## Exercise objective
Output all the data exactly. Pictures do not belong in the copy.

** Opening Available data block **

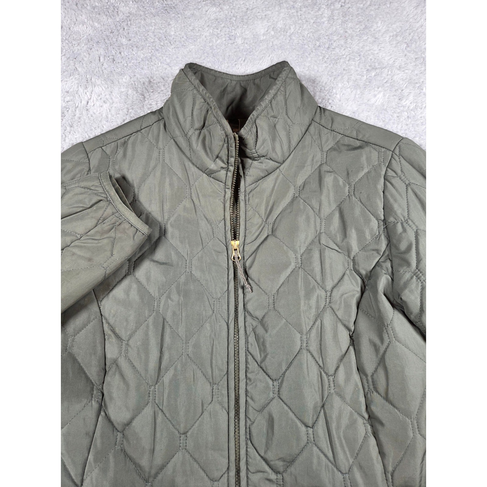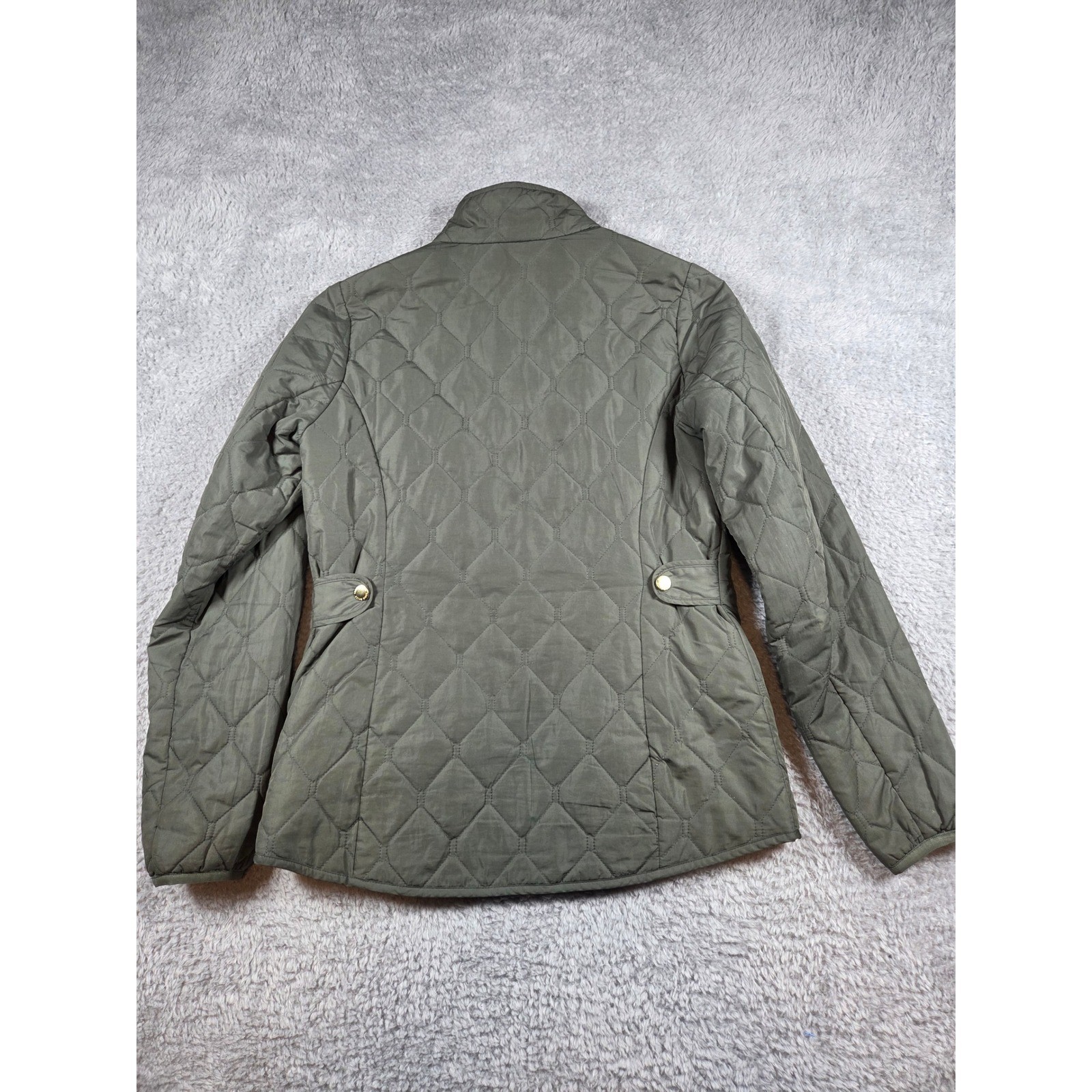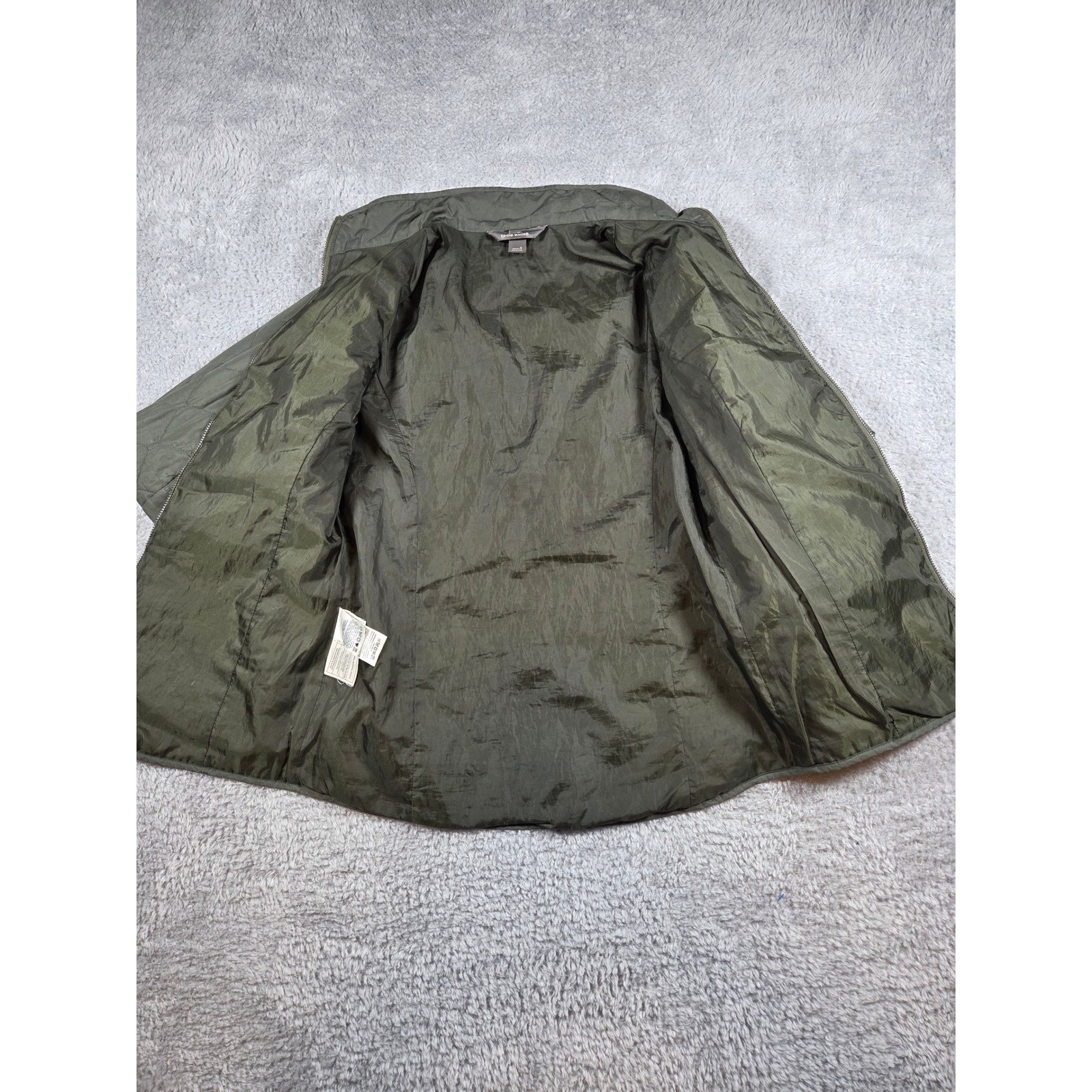 Eddie Bauer diamond-quilted jacket in a versatile olive green hue provides a classic outdoor aesthetic. This lightweight piece features a full-zip front, a stand-up collar, and a flattering cinch-back detail with gold-tone snap buttons. Designed with two front pockets and subtle brand embroidery, it is crafted from a durable polyester shell and lining with light insulation for seasonal layering. This item is in excellent pre-owned condition. Keywords: Equestrian, Countryside, Barn Jacket, Quilted, Lightweight, Transitional, Utility, Classic, Preppy, Outdoor, Gorpcore, Minimalist, Earth Tones, Layering, Casual All items come from my family's and my personal collection. Some show loving wear, others were lightly used, and a few are new with tags. Toys and collectibles are also from past hobbies—please give them a new life. Thank you!
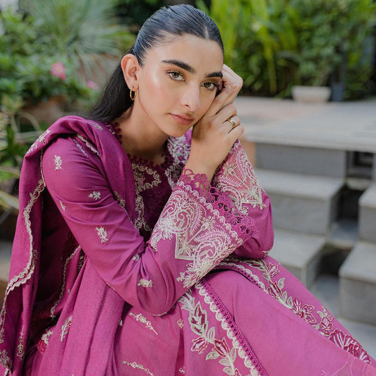 3 PC EMBROIDERED SCHIFFLI DHANAK DRESS WITH WOOL SHAWL-MUNIRA
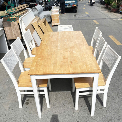 - Mô Tả: Bộ bàn ăn gồm một bàn lớn và sáu ghế, với thiết kế thanh lịch và hiện đại, bàn có mặt gỗ tự nhiên màu sáng, kết hợp với khung gỗ sơn trắng, mang lại cảm giác tươi mới và dễ dàng phối hợp với nhiều kiểu trang trí nội thất. Các ghế có tựa lưng thiết kế đơn giản, với phần ngồi cũng làm từ gỗ tự nhiên, tạo sự thoải mái cho người sử dụng. Bộ bàn ghế này không chỉ thích hợp cho không gian phòng ăn mà còn phù hợp với phòng bếp hoặc không gian sinh hoạt chung. Với chất liệu gỗ chắc chắn và kiểu dáng tối giản, bộ bàn ăn này mang lại sự tiện nghi và vẻ đẹp sang trọng cho không gian sống của bạn.

** Closing Available data block **

## Task response
 Eddie Bauer diamond-quilted jacket in a versatile olive green hue provides a classic outdoor aesthetic. This lightweight piece features a full-zip front, a stand-up collar, and a flattering cinch-back detail with gold-tone snap buttons. Designed with two front pockets and subtle brand embroidery, it is crafted from a durable polyester shell and lining with light insulation for seasonal layering. This item is in excellent pre-owned condition. Keywords: Equestrian, Countryside, Barn Jacket, Quilted, Lightweight, Transitional, Utility, Classic, Preppy, Outdoor, Gorpcore, Minimalist, Earth Tones, Layering, Casual All items come from my family's and my personal collection. Some show loving wear, others were lightly used, and a few are new with tags. Toys and collectibles are also from past hobbies—please give them a new life. Thank you!
 3 PC EMBROIDERED SCHIFFLI DHANAK DRESS WITH WOOL SHAWL-MUNIRA
 - Mô Tả: Bộ bàn ăn gồm một bàn lớn và sáu ghế, với thiết kế thanh lịch và hiện đại, bàn có mặt gỗ tự nhiên màu sáng, kết hợp với khung gỗ sơn trắng, mang lại cảm giác tươi mới và dễ dàng phối hợp với nhiều kiểu trang trí nội thất. Các ghế có tựa lưng thiết kế đơn giản, với phần ngồi cũng làm từ gỗ tự nhiên, tạo sự thoải mái cho người sử dụng. Bộ bàn ghế này không chỉ thích hợp cho không gian phòng ăn mà còn phù hợp với phòng bếp hoặc không gian sinh hoạt chung. Với chất liệu gỗ chắc chắn và kiểu dáng tối giản, bộ bàn ăn này mang lại sự tiện nghi và vẻ đẹp sang trọng cho không gian sống của bạn.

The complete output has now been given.